A Votrax SC-01 speech synthesis chip is used to generate the incoherent speech of Q*bert swearing, Slick and Sam (high pitch) and Wrong-way and Ugg (low pitch). The only true speech ever generated is Q*bert saying 'Hello, I'm turned on' when the game is first powered up and 'Bye Bye' after entering your initials at the end of a game.
Approximately 30000 units were produced by Gottlieb.
Several early cabinets were produced with '@!#?@!' on the marquee.
Bob Gerhardt holds the official records for this game in 'Marathon' setting with 33273520 points on November 28, 1983.
Tom Gault holds the official records for this game in 'Tournament' setting with 1,895,565 points.
A slightly different version known as 'Mello Yello' was programmed for promotion of the Mellow-Yellow softdrink, but it was never released to the market.
As well as being a huge commercial success as a game, Q*bert also provided revenue from its many tie-in products. Toys, games, and other products bearing the heroâs likeness all sold well. There was even a Q*bert cartoon; Saturday Supercade was a CBS cartoon series which featured a number of different segments starring various video game characters. In addition to the characters from the game, the Q*Bert segment featured Q*tee (Q*bert's girlfriend), Q*bit (his little brother), and others.
Such was the character's popularity at this time that Gottlieb assigned pinball designer, John Trudeau ("Creature From the Black Lagoon", "Congo"), to devise a Q*bert pinball. It was called "Q*bert's Quest" and Trudeau created an innovative design pattern that should have sparked arcade goers to try it. Remarkably, the table was a commercial flop. Released in March 1983, a paltry 884 machines dribbled out of the plant and further convinced management that pinball was indeed experiencing desperate times.
A Q*bert unit appears in the 1983 movie 'Koyaanisqatsi - Life out of Balance'.

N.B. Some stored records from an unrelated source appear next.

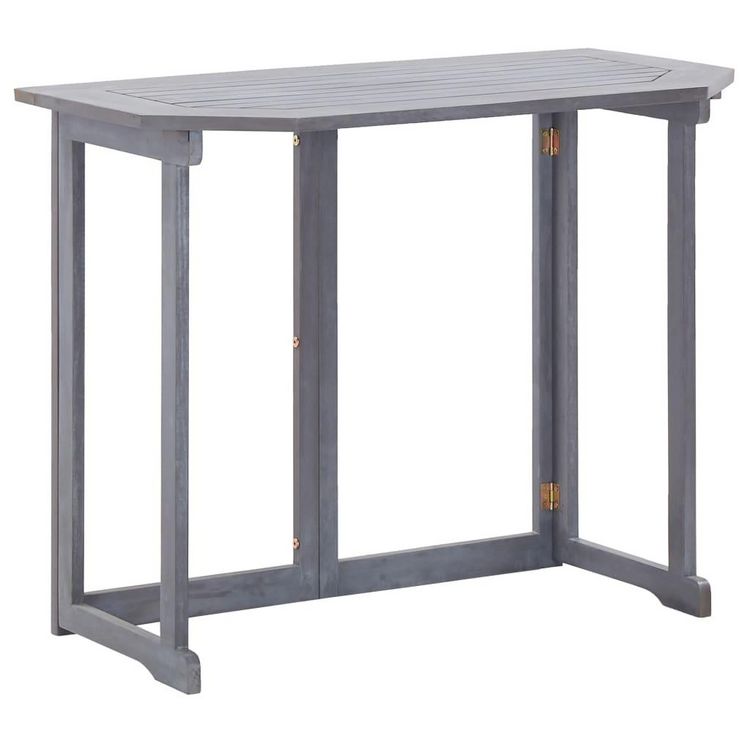 Fabriquee en bois d'acacia massif avec un lavis gris, notre table d'exterieur est durable, facile a entretenir et resistante aux intemperies. La table de balcon peut etre repliee pour economiser de l'espace lorsqu'elle n'est pas utilisee. Ce produit necessite un assemblage. Veuillez noter que le bois est un produit naturel et peut presenter des imperfections.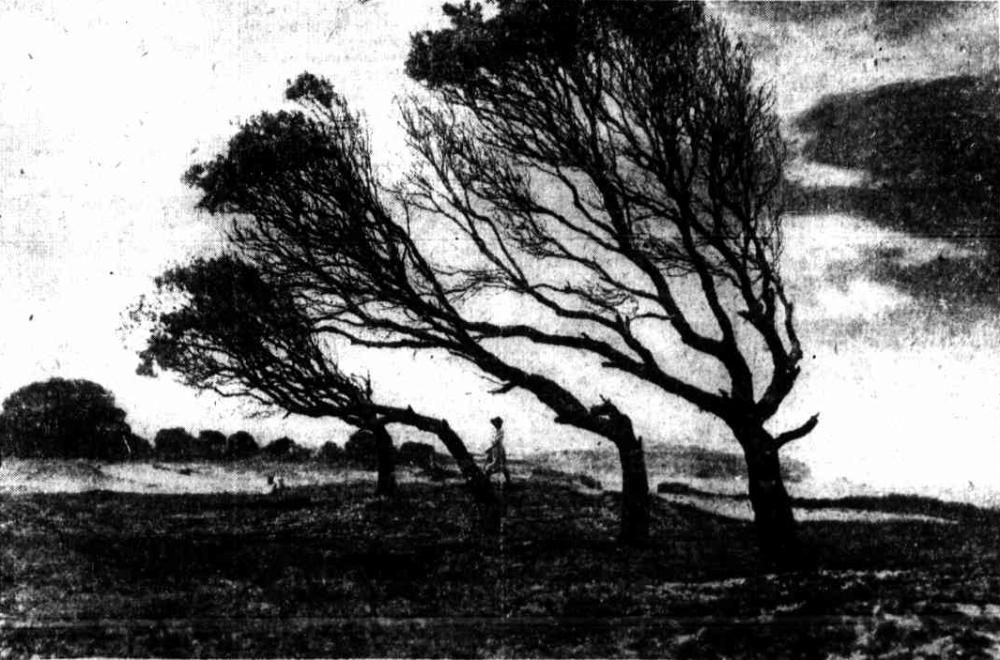 — Special by "The Sun" photographer. Salt spray and lashing wind have transformed the youth and slender straightness of these trees into age which is gnarled and twisted. The four of them together in their home on the edge of the sand have kept companionship through years of tempestuous wind and sea. They are guardians of the beach between Collaroy and Narrabeen — picturesquely silhouetted where few trees raise their heads to the sky. BESIDE THE WIND-SWEPT SEA (1923, May 13). The Sun (Sydney, NSW : 1910 - 1954), , p. 1. Retrieved from http://nla.gov.au/nla.news-article224105838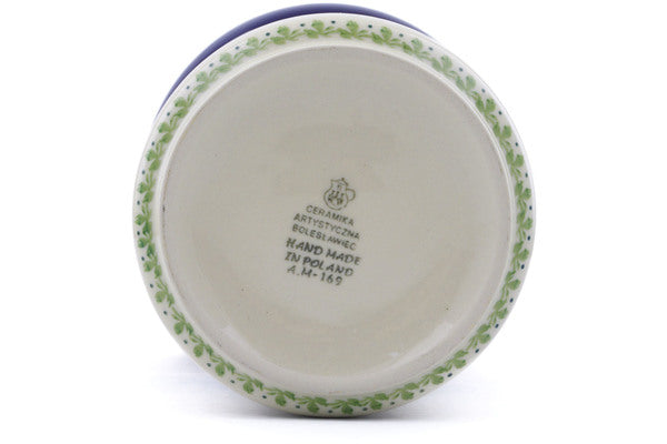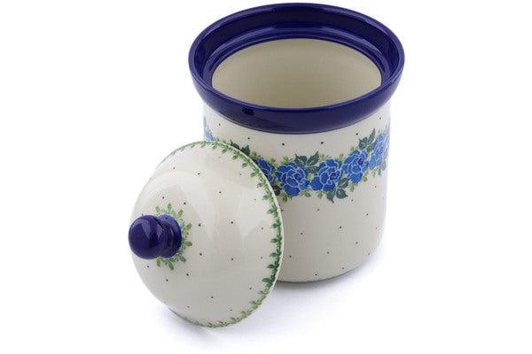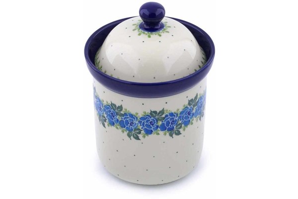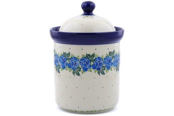 This Polish pottery Jar with Lid is made by Ceramika Artystyczna workshop in Boleslawiec, Poland. Manufacturer item number H1165J. It is 8¼" high and measures 4¾" by 4¾". The capacity of this Jar with Lid is 43.9 oz when filled to rim and it weighs 2.3 lbs. It is part of the Blue Rose Collection.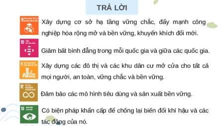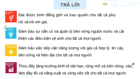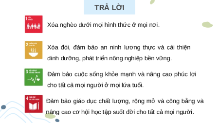 • Em hiểu gì về các mục tiêu phát triển bền vững đó? TRẢ LỜI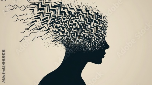 Expressing the turmoil of the mind through abstract representation with zigzag patterns in a minimalist human silhouette

Parker Brothers released a boardgame based on this videogame (same name) in 1983 : Object of the game is to be one of the 'NOSER ELITE' by removing more pegs from the pyramid than your opponent (Peg plugged into cube = Starting color; Peg removed from cube = Destination color).
One player takes on the role of the hero, Q*bert, who must make his way around the pyramid trying to remove as many pegs as he can. A second player controls the 'nasty' characters out to thwart Q*bert.

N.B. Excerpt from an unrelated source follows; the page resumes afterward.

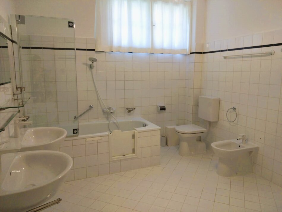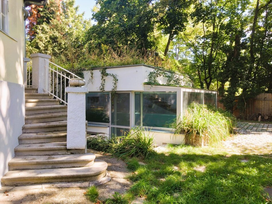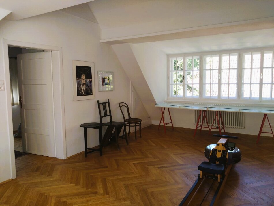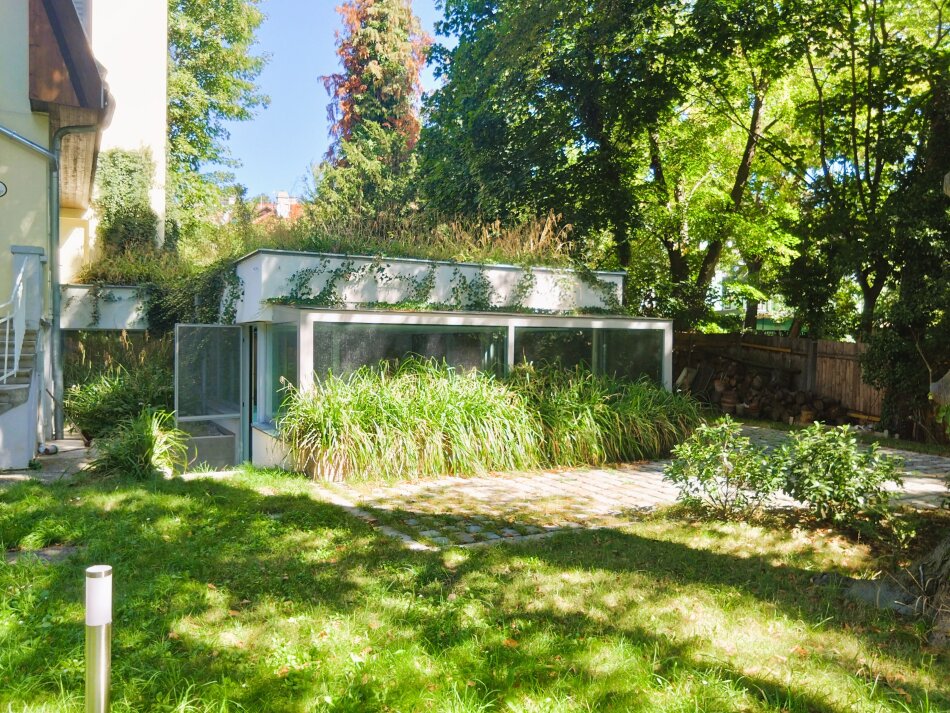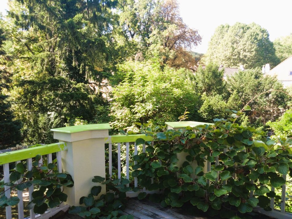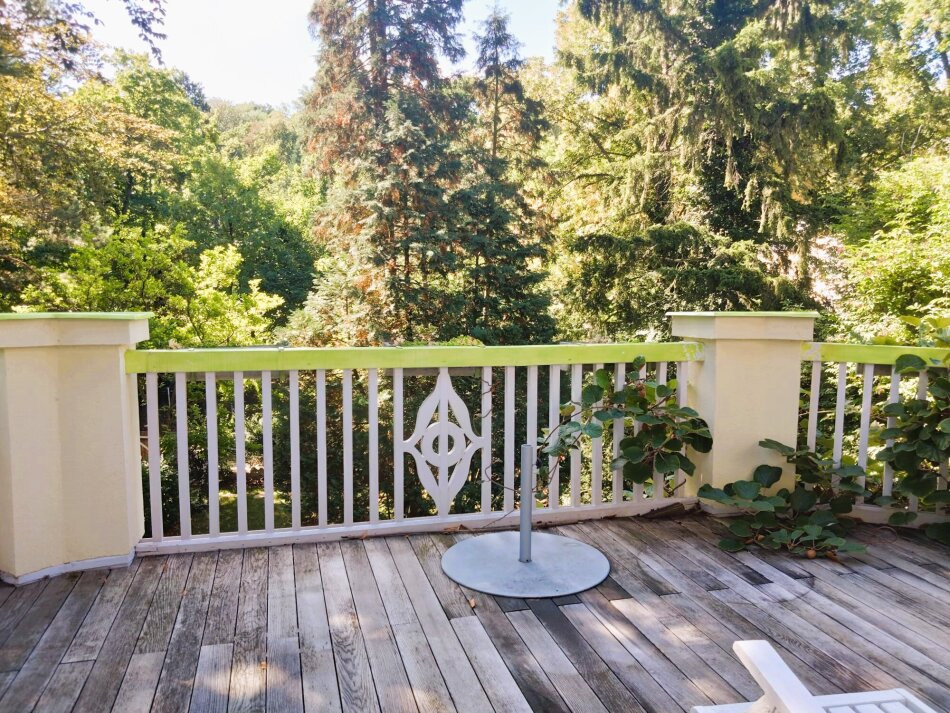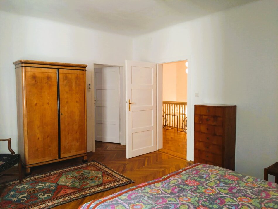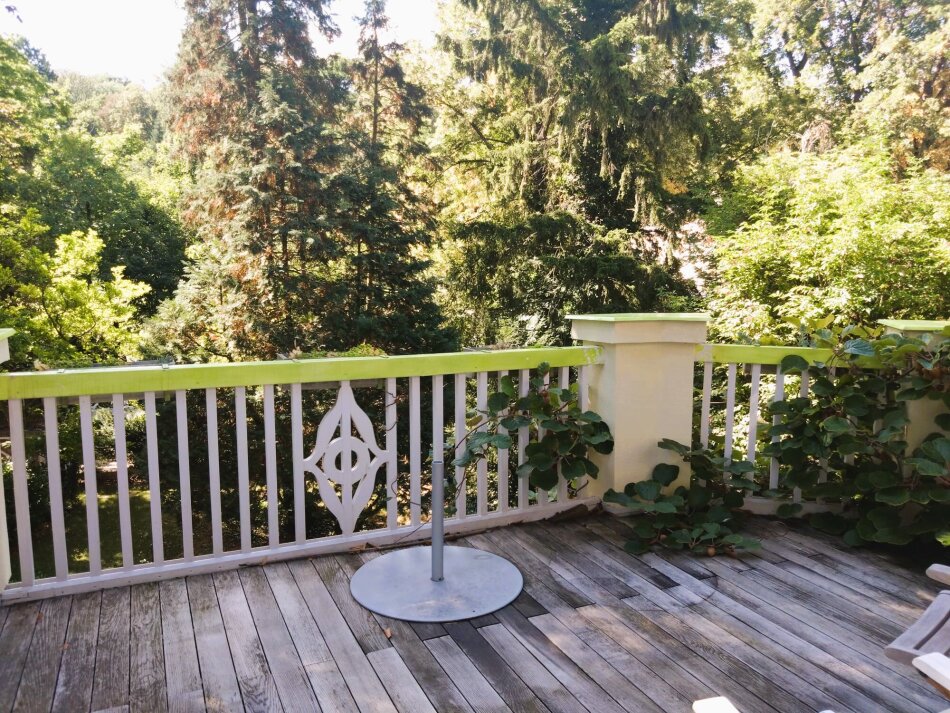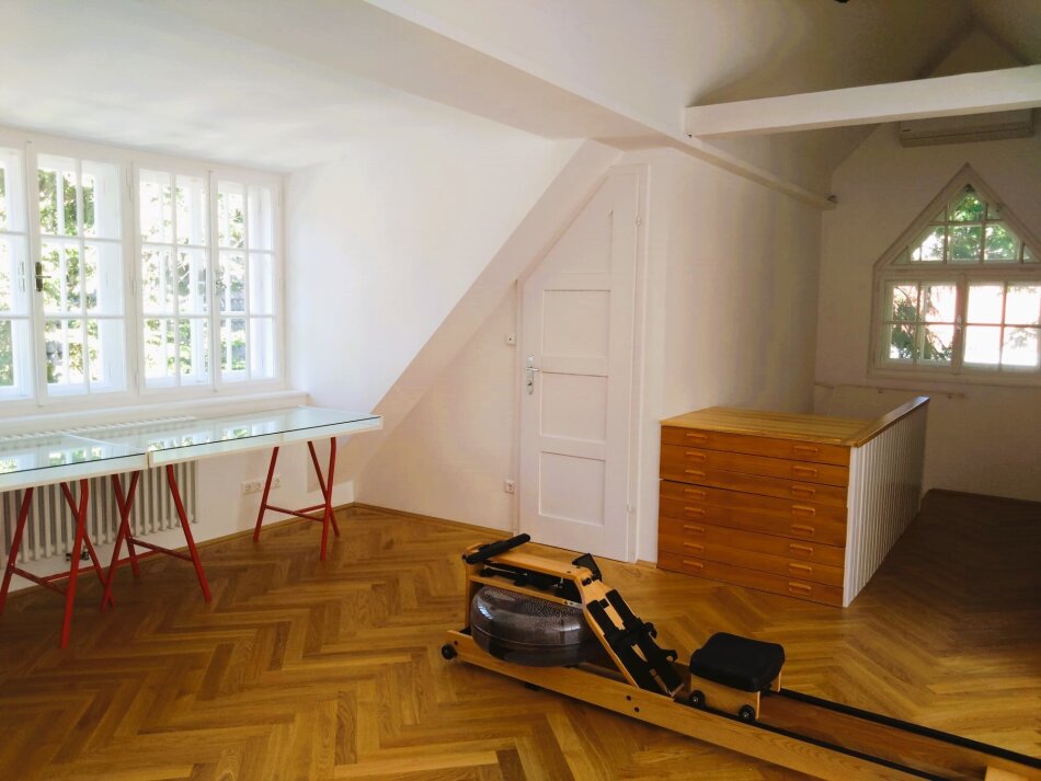 Im 1. Obergeschoss sind zwei herrschaftliche Zimmer (eines davon mit gartenseitiger Südterrasse mit traumhaften Blick auf den Pötzleinsdorfer Schlosspark), ein Kabinett und ein weiträumiges Bad mit Fenstern.

The main characters make an appearance on the 2012 animation movie "Wreck-It Ralph" from Walt Disney Animation Studios.
- SCORING -
Changing a cube to the Intermediate color : 15 points.

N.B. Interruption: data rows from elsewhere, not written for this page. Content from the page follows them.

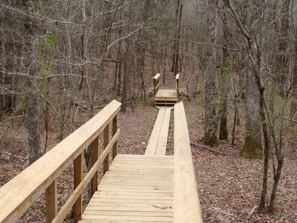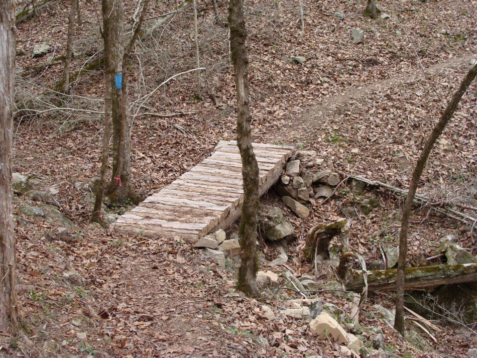 At about mile 9.2 the trail crosses Rd 52212, a well used gravel road that goes to the Deer Camp area. The road is gated at Rd 52200. After crossing the road the trail goes through some bottom land. Here you will find a the bridge #33 and #34 complex. It begins with bridge #33 crossing the main creek. Then there is a long walk way to limit erosion in a low, potentially boggy area, followed by bridge #34.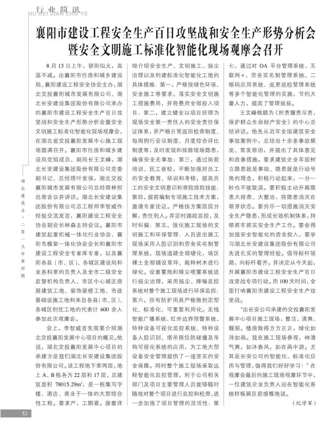 襄陽市建設(shè)工程安全生產(chǎn)百日攻堅戰(zhàn)和安全生產(chǎn)形勢分析會暨安全文明施工標(biāo)準(zhǔn)化智能化現(xiàn)場觀摩會召開
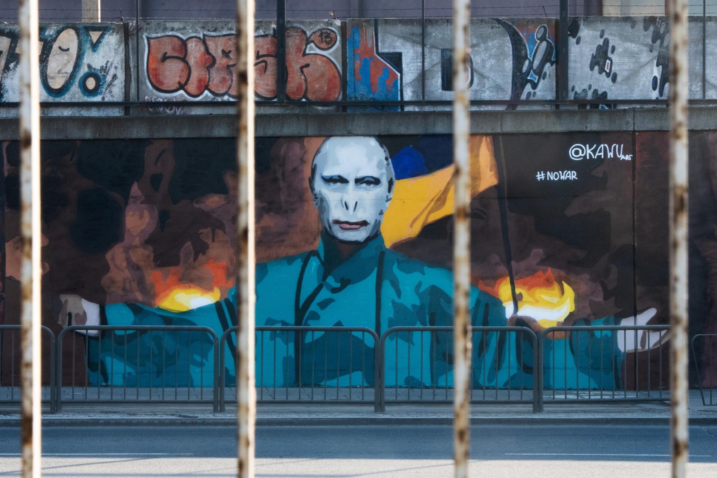 Artikkelin aloituskuvassa Puolan Poznaniin tehty seinämaalaus Vladimir Putinista Harry Potter -elokuvien Voldemortina. Maalauksen on tehnyt paikallinen graffititaiteilija Kawu. Kuva: EastNews / Backgridn / All Over Press.

Changing a cube to the Destination color : 25 points.
Catching the Green Ball : 100 points
Catching Slick/Sam : 300 points.
Luring Coily off pyramid : 500 points bonus.
Completing a round : 750 points + 250 points x round number.
End of round bonus : 50 points per teleport disc remaining.
- TIPS AND TRICKS -
* Control Panel Instructions :
Goal : Change the tops of all cubes to a new color by hopping onto them.
Joystick moves 'Q*bert' from cube to cube. Hopping onto a disk will take you back to the top.
All green objects are safe to hit. All other objects are deadly.
Destroy the snake by leading him to the edge, then jumping on a disk.
Stay on pyramid! Only jump off to use a disk.
* A big part of the game is waiting to see where 'nasty' characters are going to jump. You need to make sure you always time a jump at the same time the 'nasty' characters jump, so you can always have a clear path to a new square.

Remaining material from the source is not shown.